# smoking with poplar



## charlesk (Jan 25, 2013)

I have a friend who uses sawdust in his smoker. I have an almost endlesss supply of poplar sawdust. There is very little info about smoking with poplar anywhere. Some say ya should be ok others say don't do it.

Has anybody really smoked with it and can give an honest evaluation.

A lot of responses said never used Poplar but just the same don't use it

I am looking for somebody that has tried smoking with it.

Any help would be appreciated


----------



## ssorllih (Jan 25, 2013)

My only thought is that I don't like the smell of the smoke when I binds on a saw and scorches. Sometimes when ripping a plank it will pinch and smoke. Most of the other hardwoods I like but tulip poplar doesn't suit me. I just read your location and in the north there is a tree that is called poplar and sometime called pople. That is a different species than the liriodendron tulip poplar in the mid atlantic. This northern poplar is related to the aspen and is also known as cottonwood and is considered pleasing for meat smoking.


----------



## cliffcarter (Jan 25, 2013)

Tulip poplar is in the same genus as magnolias, poplars or aspens are of the genus populus as is cottonwood. I believe people do use aspens as cooking wood in places where there are not many other options, Colorado for instance.


----------



## charlesk (Jan 26, 2013)

some of the poplar has a bit of an odour when milling but most of it dosen't. Not knowing where the lumber comes from could be a problem. I suppose if the sawdust was mixed with a little of the hardwoods that might be OK.

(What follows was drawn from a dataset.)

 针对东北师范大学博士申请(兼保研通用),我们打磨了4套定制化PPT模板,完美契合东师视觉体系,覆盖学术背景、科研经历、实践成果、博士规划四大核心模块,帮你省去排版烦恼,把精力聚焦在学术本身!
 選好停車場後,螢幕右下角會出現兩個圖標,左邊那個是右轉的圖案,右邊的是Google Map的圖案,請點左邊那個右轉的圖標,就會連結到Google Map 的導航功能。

I guess this is going to be a trial and error. I think the best thing to do is just try a few pans  of it and see if it has an odour, can't hurt. Dosen't look like it is to popular
	

	
	
		
		



		
			






When the test runs are over I'll repost


----------



## ssorllih (Jan 26, 2013)

The least costly way to check this out is to smoke a single chicken leg with one specie of wood.


----------



## charlesk (Jan 27, 2013)

I was thinking of just letting the sawdust burn away and see what it smelled like, but just do short runs and several trys. If it was OK then I was going to add some cheap meat and chicken legs would be good cause they are cheap, good idea.


----------



## ssorllih (Jan 27, 2013)

The beauty of chicken is that it is very neutral in its taste. A simple cure with minimum herbs and spice will allow evaluation of the smoke.


----------



## expeditiondan (Sep 12, 2017)

There is no short answer to this question, but I'm going to try.

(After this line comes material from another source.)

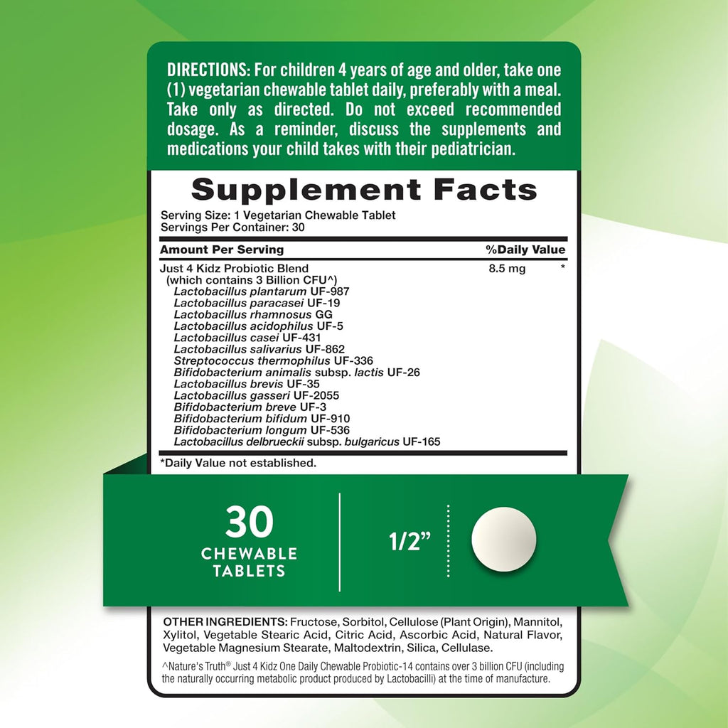 **Nature’s Truth Just 4 Kidz One Daily Chewable Probiotic-14 enthält über 3 Milliarden KBE (einschließlich des natürlich vorkommenden Stoffwechselprodukts, das von Laktobazillen produziert wird) zum Zeitpunkt der Herstellung.

It's not that Poplar is bad for smoking, it's just that it needs to be dried properly before using it. If you are going to just go out and chop down some dead tree or cut up a fallen one that is half rotting, (like any other wood) it is a waste of your time and will produce a terrible result. If however, you are willing to use a solid healthy tree and take the time to allow it to dry PROPERLY, it can produce a very similar result to some of the more desirable woods like apple or cherry that are out there. I've used it several times for pork and Brisket and have got rave reviews.

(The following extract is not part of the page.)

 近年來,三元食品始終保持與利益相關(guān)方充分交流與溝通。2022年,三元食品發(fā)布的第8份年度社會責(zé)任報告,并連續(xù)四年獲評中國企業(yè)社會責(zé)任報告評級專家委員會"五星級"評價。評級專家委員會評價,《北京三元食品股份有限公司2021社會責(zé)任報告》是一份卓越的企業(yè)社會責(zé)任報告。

The best and most tactical way to use Poplar is to blend it with another hardwood. Again, I've done 1/3 apple and 2/3 white Poplar and had amazing results. I prefer to use White Poplar that has been "chunked" and added with apple for pork or Hickory for brisket. 

Hope that helps.

Dan


----------



## squiddley (Nov 22, 2021)

We have a store around here called the Ukranian coop they make and sell a pile of sausage here.. always smells terrific when you walk in or drive by.. best sausage around just texted them last night asked them what wood they use for smoking... they told me white poplar


----------